Looking back to Durgaz with a fearsom and bewildering look in his eyes, Kyuad continues with a voice that now seems as if to echo from within something larger than his chest, "One day, no matter how you get them there, the orcs of the Thakmûrz must be seen by those who fight against the Shadow as allies, and perhaps as leaders of their own armies of dorns, dwarves, erunsil, and fell. Search your own mind and test me - what I say is true. The future relies on orcs leading the charge against orcs, and nothing at all will cause men like those who live here to follow those dog-riders unless something changes."

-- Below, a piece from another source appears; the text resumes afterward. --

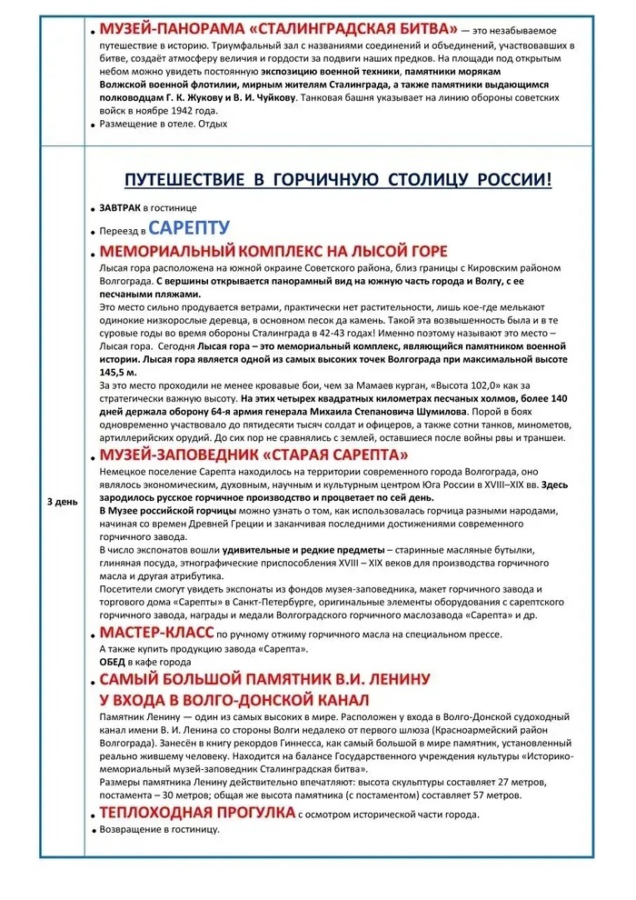 Но, разумеется, есть здесь и другие интереснейшие достопримечательности, например, историко-этнографический комплекс Старая Сарепта. Так что экскурсионные туры в Волгоград будут очень познавательны и для детей, и для взрослых, а стоимость туров вас приятно удивит.

Appearing to calm down somewhat, Kyuad adjusts himself and continues, "As soon as possible we should enlist or raise up a scribe to the ranks of the Dulugolauk. You should be the first orcish commander who is able to pass down a reliable written record of his methods, teachings, speeches, and accomplishments. History has proven that this has been a key element to the survival of the dwarven people and the continued inspiration for all others who share some ability to read. A thousand years from now, the name of Durgaz will continue to teach young orcs of honor if we are diligent in the work of preserving your efforts."
With a nod, Kyuad concludes, "And as for the question of a soldier's inherant value, I'll leave you with something that you and the Dulugolauk should consider: What potential do these orcs have within them, that any other thinking race of people do not?"